LDHA overexpression in the dmPFC alleviates depressive-like behaviors in social-defeated mice
To determine whether LDHA overexpression in the dmPFC is sufficient to increase neuronal excitability and alleviate depressive-like phenotypes of social-defeated mice, we injected AAVs expressing LDHA (refer to as LDHA-OE virus) or eGFP into the dmPFC of Sus and Res mice (Fig. 5a, b). Three weeks later, we observed that the LDHA levels in the dmPFC of Sus mice injected with LDHA-OE virus (Refer to as Sus+LDHA-OE mice) were increased compared with those in Sus mice injected with eGFP virus (Refer to as Sus+eGFP mice) and were similar to those in Res mice injected with eGFP virus (Refer to as Res+eGFP mice). There was no difference in LDHB level among these mice (Fig. 5c–e). Consistently, the levels of L-lactate were also elevated in Sus+LDHA-OE mice compared with Sus+eGFP mice (Fig. 5f). Electrophysiological results indicated that LDHA overexpression increased the firing frequencies of dmPFC neurons in Sus+LDHA-OE mice, to a level comparable to Res+eGFP mice (Fig. 5g). Behaviorally, LDHA overexpression profoundly reduced the duration of immobility in the FST and increased the ratio of sucrose preference in the SPT (Fig. 5h, i). These results indicate that LDHA overexpression in the dmPFC is sufficient to restore L-lactate homeostasis, increase neuronal excitability, and reduce depressive-like phenotypes.

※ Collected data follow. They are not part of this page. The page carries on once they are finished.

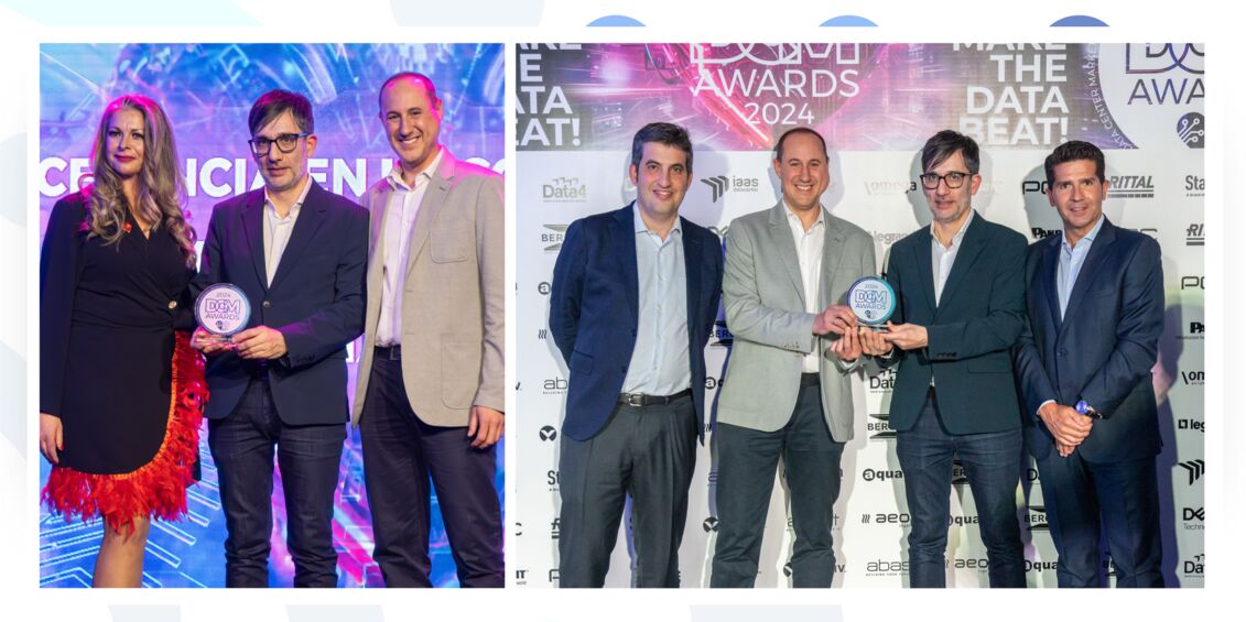 En la foto, Ignacio Fernández, Gerente de Infraestructuras de Europa y Gonzalo Coca, Site Manager del Hub de Derio, reciben el premio de manos de Iris Nieto de Data Center Market.
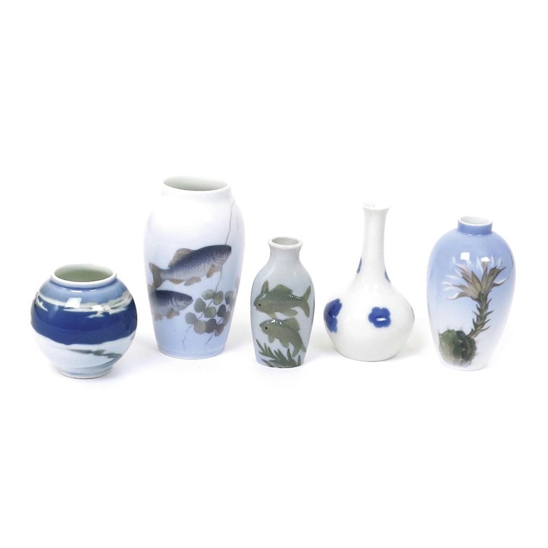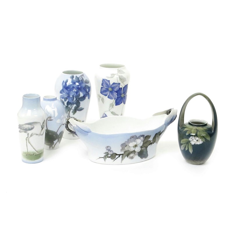 A Royal Copenhagen porcelain vase, model 323, elliptical form cast with dragonfly handles, painted with prunus blossom in colours on a pale blue ground, and a collection of eleven Royal Copenhagen, Rosenthal and other pieces impressed, printed and painted marks, damages 31cm wide
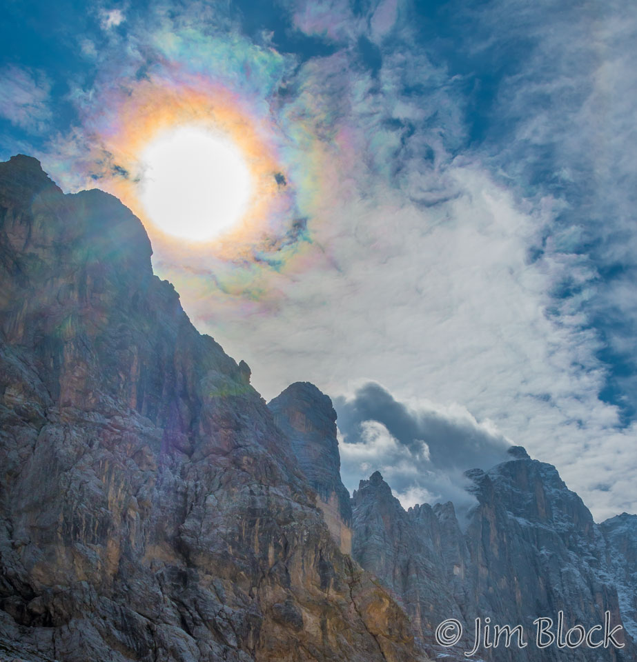 Enroute to Ireland I saw some Glories below the plane. Here are two photos shot through the badly scratched window of the plane. That is the shadow of the airplane in the middle of the glory.
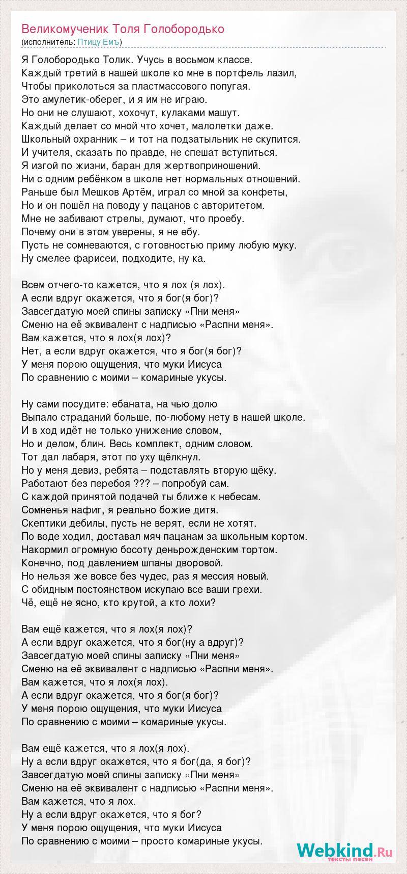 Я Голобородько Толик. Учусь в восьмом классе. Каждый третий в нашей школе ко мне в портфель лазил, Чтобы приколоться за пластмассового попугая. Это амулетик-оберег, и я им не играю. Но они не слушают, хохочут, кулаками машут. Каждый делает со мной что хочет, малолетки даже. Школьный охранник – и тот на подзатыльник не скупится. И учителя, сказать по правде, не спешат вступиться. Я изгой по жизни, баран для жертвоприношений. Ни с одним ребёнком в школе нет нормальных отношений. Раньше был Мешков Артём, играл со мной за конфеты, Но и он пошёл на поводу у пацанов с авторитетом. Мне не забивают стрелы, думают, что проебу. Почему они в этом уверены, я не ебу. Пусть не сомневаются, с готовностью приму любую муку. Ну смелее фарисеи, подходите, ну ка. Всем отчего-то кажется, что я лох (я лох). А если вдруг окажется, что я бог(я бог)? Завсегдатую моей спины записку «Пни меня» Сменю на её эквивалент с надписью «Распни меня». Вам кажется, что я лох(я лох)? Нет, а если вдруг окажется, что я бог(я бог)? У меня порою ощущения, что муки Иисуса По сравнению с моими – комариные укусы. Ну сами посудите: ебаната, на чью долю Выпало страданий больше, по-любому нету в нашей школе. И в ход идёт не только унижение словом, Но и делом, блин. Весь комплект, одним словом. Тот дал лабаря, этот по уху щёлкнул. Но у меня девиз, ребята – подставлять вторую щёку. Работают без перебоя ??? – попробуй сам. С каждой принятой подачей ты ближе к небесам. Сомненья нафиг, я реально божие дитя. Скептики дебилы, пусть не верят, если не хотят. По воде ходил, доставал мяч пацанам за школьным кортом. Накормил огромную босоту деньрожденским тортом. Конечно, под давлением шпаны дворовой. Но нельзя же вовсе без чудес, раз я мессия новый. С обидным постоянством искупаю все ваши грехи. Чё, ещё не ясно, кто крутой, а кто лохи? Вам ещё кажется, что я лох(я лох)? А если вдруг окажется, что я бог(ну а вдруг)? Завсегдатую моей спины записку «Пни меня» Сменю на её эквивалент с надписью «Распни меня». Вам кажется, что я лох(я лох). А если вдруг окажется, что я бог(я бог)? У меня порою ощущения, что муки Иисуса По сравнению с моими – комариные укусы. Вам ещё кажется, что я лох(я лох). Ну а если вдруг окажется, что я бог(да, я бог)? Завсегдатую моей спины записку «Пни меня» Сменю на её эквивалент с надписью «Распни меня». Вам кажется, что я лох. Ну а если вдруг окажется, что я бог? У меня порою ощущения, что муки Иисуса По сравнению с моими – просто комариные укусы.
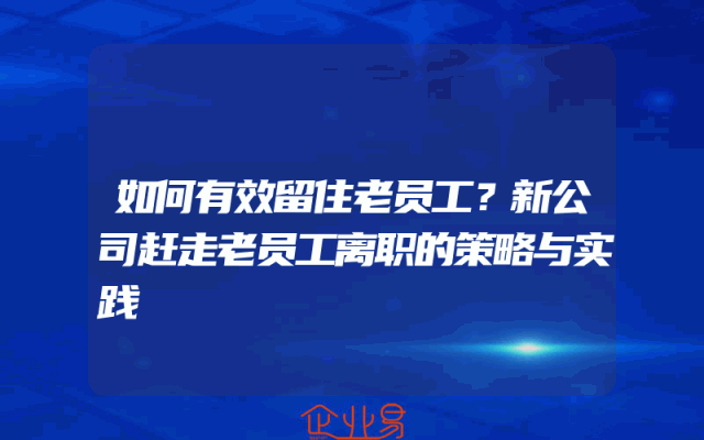 - 如何有效留住老员工?新公司赶走老员工离职的策略与实践在当今竞争激烈的商业环境中,企业面临着吸引和留住优秀员工的挑战。尤其是对于新成立的公司来说,如何有效地留住老员工成为了关键问题。本文将探讨一些新公司赶走老员工离职的策略与实践,以及如何通过
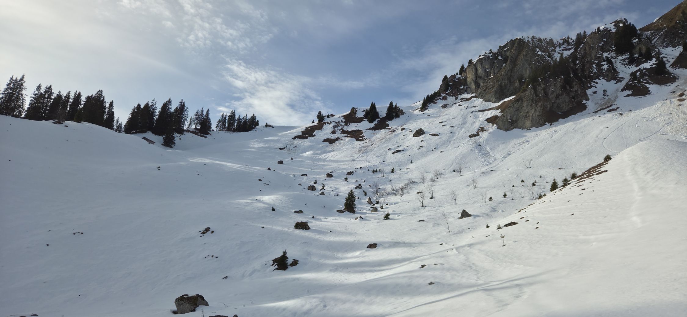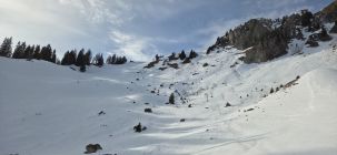 Die Hengstschlund Strasse ist mit dem Auto befahrbar. Ab P.1457 hat es Schnee im Aufstieg. Frühlingshaft gute Verhältnisse mit nur wenigen Stellen ohne Schnee. Abfahrt bis circa 1350m im harten gesetzten Schnee.
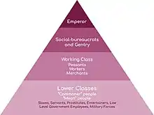 The lower classes of ordinary people were divided into two categories: one of them the good "commoner" people, the other the "mean" people. Slaves, Servants, Prostitutes, Entertainers, Low Level Government Employees and Military Forces were part of the mean class. The soldiers were called a necessary evil, and civilians were placed in command to keep the military from dominating society. Those who worked in entertainment were given a special status that allowed for them to be punished severely without consequence.[42] The mean people were heavily discriminated against, forbidden to take the Imperial Examination, and mean and good people could not marry each other.[43][44][45][46][47]
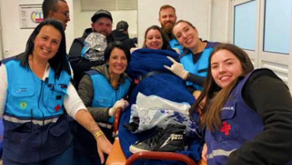 Empolgada com a situação inusitada, a equipe dos Bombeiros que atendeu a família fez questão de registrar o momento com uma foto ao lado da mãe e do filho, que não vai poder não gostar de heavy metal quando crescer. Joice e Luan foram encaminhados para o Hospital e Maternidade Santa Brígida.
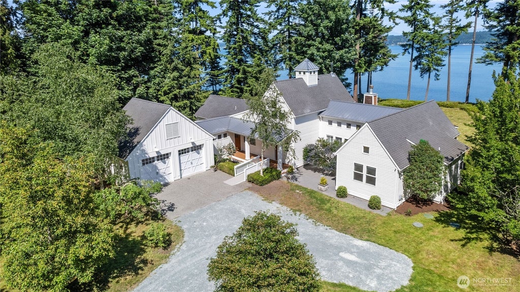 Wake up to soaring bald eagles, passing whales, & sweeping Puget Sound views—serenaded by birdsong. This modern farmhouse w/ contemporary design is a stunning custom home on 2+ private acres, thoughtfully planned for single-level living. Enjoy 2 beds, 2.5 baths, loft, library, mudroom, & utility room—all crafted with high-end finishes and timeless character, and each positioned to take in full water views. Chef’s kitchen features commercial-grade appliances, & 6 French doors seamlessly connect the interior to expansive outdoor living areas. 2-stall barn w/ shop offers flexibility for horses, hobbies, or extra storage. Privacy & custom craftsmanship throughout, this home captures the essence of island living with modern sophistication.
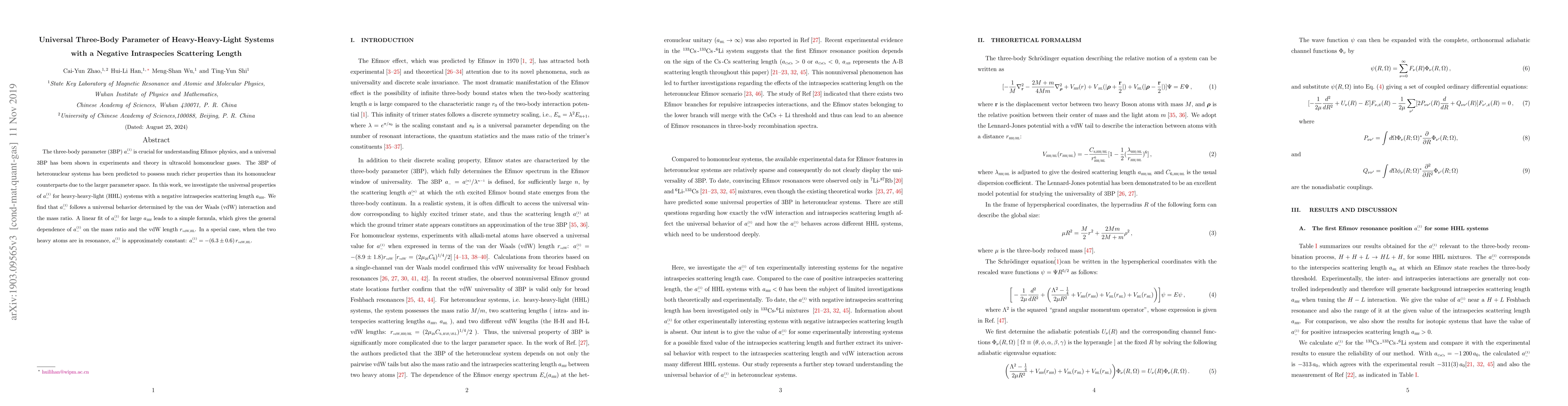 This paper investigates the universal Three-Body Parameter $a^{\scriptscriptstyle(1)}_{\scriptscriptstyle-}$ for Heavy-Heavy-Light systems with negative intraspecies scattering length, revealing its dependence on van der Waals interaction and mass ratio. The study finds a universal behavior and provides an analytic formula for $a^{\scriptscriptstyle(1)}_{\scriptscriptstyle-}$, especially noting its constant value when the two heavy atoms are in resonance.
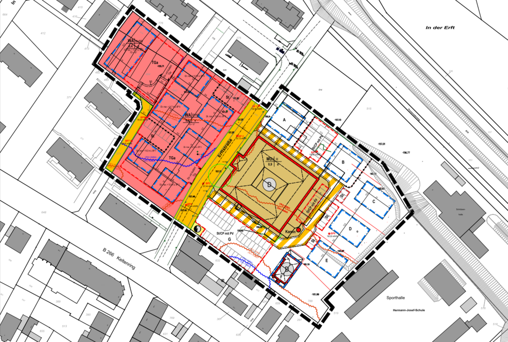 Die EUGEBAU erwarb 2017 das im Jahr 1903 errichtete, denkmalgeschützte Gebäude „Alter Schlachthof - Euskirchen“ und die umliegenden Grundstücke (rot umrandet). Im Jahr 2026 erwarb sie ein weiteres Grundstück, sodass nun das gesamte Quartier "Alter Schlachthof" (schwarz umrandet) im Eigentum der EUGEBAU steht.
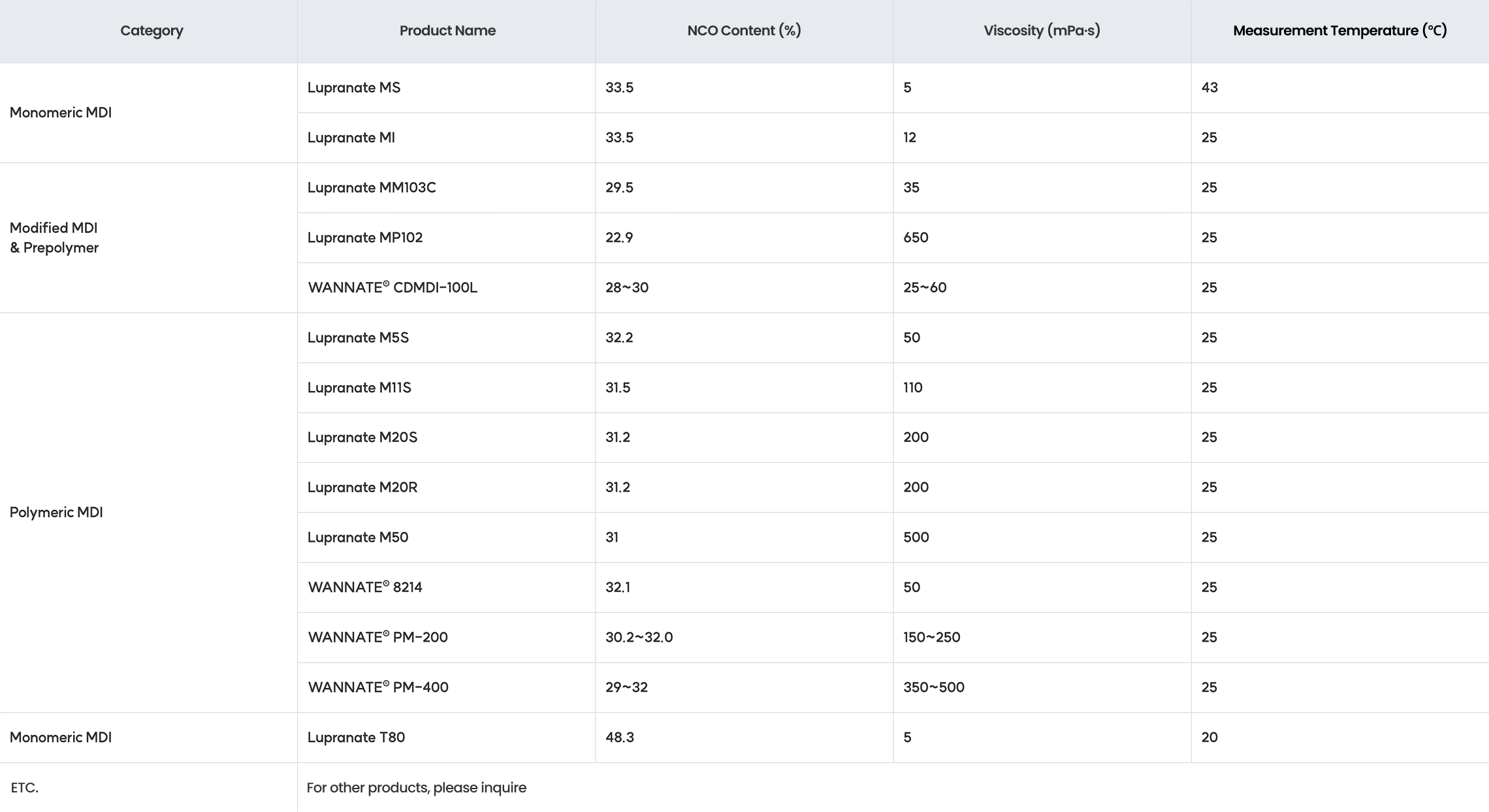 Information on major isocyanate raw materials used in polyurethane systems, including key properties such as content, viscosity, and handling conditions.

a Experimental time scheme. SIT social interaction test. b Illustration of viral injections. Solid arrows, GFP+ and S100β+; hollow arrows, GFP+ and NeuN+. Scale bars: 200 µm, 50 µm. c–e Representative Western blot images (c) and quantification (d, e). n = 4 mice per group. One-way ANOVA followed by Tukey’s post hoc test. for LDHA, F(2,9) = 8.304, p = 0.009. Sus+eGFP vs Res+eGFP, p = 0.009; Sus+LDHA-OE vs Sus+eGFP, p = 0.0392; Sus+LDHA-OE vs Res+eGFP, p = 0.6171. For LDHB, F(2,9) = 0.102, p = 0.9041. f Restored L-lactate levels. n = 6 mice per group. One-way ANOVA followed by Tukey’s post hoc test. F(2,15) = 6.191, p = 0.011. Sus+eGFP vs Res+eGFP, p = 0.0415; Sus+LDHA-OE vs Sus+eGFP, p = 0.0125. g Restored neuronal excitability. Left, representative firing traces. Scale bars: 0.2 s, 20 mV. Right, quantitative data. n = 15, 15, 16 neurons from 4 Res+eGFP, 4 Sus+eGFP, 4 Sus+LDHA-OE mice, respectively. Two-way ANOVA, for Sus+LDHA-OE vs Sus+eGFP, gene effect, F(1,203) = 26.68, p = 0.0000; for Sus+LDHA-OE vs Res+eGFP, gene effect, F(1,203) = 0.7911, p = 0.3748. h, i Reversed immobility duration (h) and sucrose preference (i). n = 11 mice per group. One-way ANOVA followed by Tukey’s post hoc test. For FST, F(2,30) = 7.3, p = 0.0026. Sus+eGFP vs Res+eGFP, p = 0.0033; Sus+LDHA-OE vs Sus+eGFP, p = 0.0166. For SPT, F(2,23) = 6.863, p = 0.0035. Sus+eGFP vs Res+eGFP, p = 0.0041; Sus+LDHA-OE vs Sus+eGFP, p = 0.0233. j Experimental time scheme. k, l Reversed immobility duration (k) and sucrose preference (l). n = 10 mice per group. One-way ANOVA followed by Tukey’s post hoc test. For FST, F(2,27) = 5.748, p = 0.0083. Sus+vehicle vs Res+vehicle, p = 0.0332; Sus+L-lactate vs Sus+vehicle, p = 0.0108. For SPT, F(2,27) = 7.805, p = 0.0021. Sus+vehicle vs Res+vehicle, p = 0.0049; Sus+L-lactate vs Sus+vehicle, p = 0.0062. Data were shown as mean ± SEM. *p < 0.05, **p < 0.01, ***p < 0.001; ns, no significant difference. Source data are provided as a Source Data file.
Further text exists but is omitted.